On investigation, it turned out to be a problem with how three.js’s STLLoader class was parsing the ASCII variant of the file format:

  • First, the file is loaded as a binary ArrayBuffer
  • Then, the buffer is checked to see whether it contains binary or text-format data
  • If it’s text, the entire buffer is converted to a string for further processing

That conversion step had code that looked roughly like this:

var str = '';
for (var i = 0; i < arr.length; i++) {
    str += String.fromCharCode(arr[i]);
}
return str;

Pretty straightforward code, right? Appends one character to the string until the input binary array is out, then returns it.

Well, JavaScript strings are actually immutable — the “+=” operator is just shorthand for “str = str + …”. This means that on every step through the new loop, we create two new strings: one for the character, and a second for the concatenation of the previous string with the new character.

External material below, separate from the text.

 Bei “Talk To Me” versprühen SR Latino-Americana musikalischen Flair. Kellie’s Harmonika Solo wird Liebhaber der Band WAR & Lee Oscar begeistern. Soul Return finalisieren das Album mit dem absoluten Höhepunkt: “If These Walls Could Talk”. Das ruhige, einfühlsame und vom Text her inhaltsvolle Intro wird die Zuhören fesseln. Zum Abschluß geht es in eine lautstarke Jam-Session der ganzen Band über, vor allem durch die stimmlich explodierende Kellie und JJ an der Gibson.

The JavaScript virtual machine’s automatic garbage collection is supposed to magically de-allocate the intermediate strings once they’re no longer referenced (at some point after the next run through the loop) but for some reason this isn’t happening in Node.js. So when we run through this loop 70-some million times, we get a LOT of intermediate strings still in memory and eventually the VM just dies.

Remember this is before any of the 3d processing — we’re just copying bytes from a binary array to a string, and killing the VM with that. What!?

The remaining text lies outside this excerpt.